- _Records provided_:

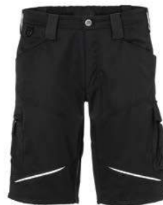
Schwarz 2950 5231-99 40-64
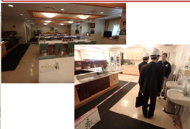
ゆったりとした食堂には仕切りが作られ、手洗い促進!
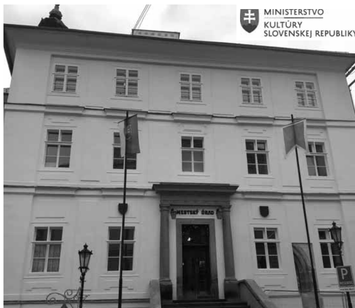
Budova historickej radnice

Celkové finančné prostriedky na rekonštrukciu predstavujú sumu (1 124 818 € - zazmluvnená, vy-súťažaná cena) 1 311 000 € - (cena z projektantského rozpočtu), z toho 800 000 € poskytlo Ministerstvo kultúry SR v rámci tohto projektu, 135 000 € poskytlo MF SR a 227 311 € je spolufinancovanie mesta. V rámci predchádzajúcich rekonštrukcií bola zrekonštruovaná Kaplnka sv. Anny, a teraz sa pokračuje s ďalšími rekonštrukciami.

* * *

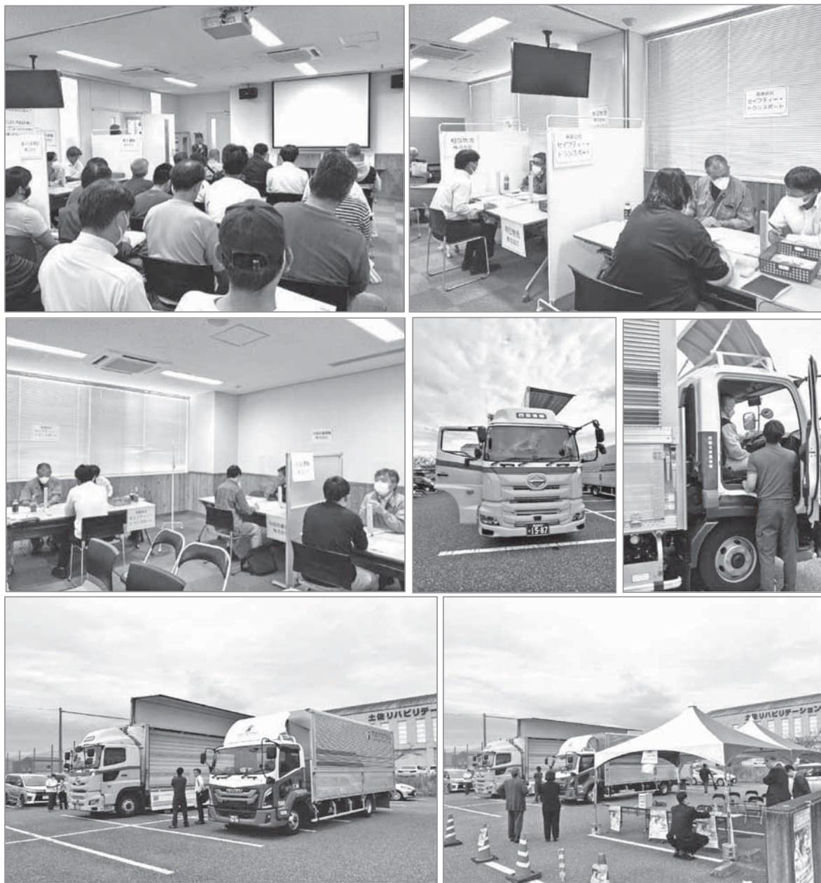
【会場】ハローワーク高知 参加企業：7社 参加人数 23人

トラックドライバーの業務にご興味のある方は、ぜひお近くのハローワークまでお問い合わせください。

- _Problem_: What are the lines, exactly as written above, from the line with "参加企業：7社 参加人数 23人" to the line with "トラックドライバーの業務にご", both included? Output only those.

- _Reply_:
【会場】ハローワーク高知 参加企業：7社 参加人数 23人

トラックドライバーの業務にご興味のある方は、ぜひお近くのハローワークまでお問い合わせください。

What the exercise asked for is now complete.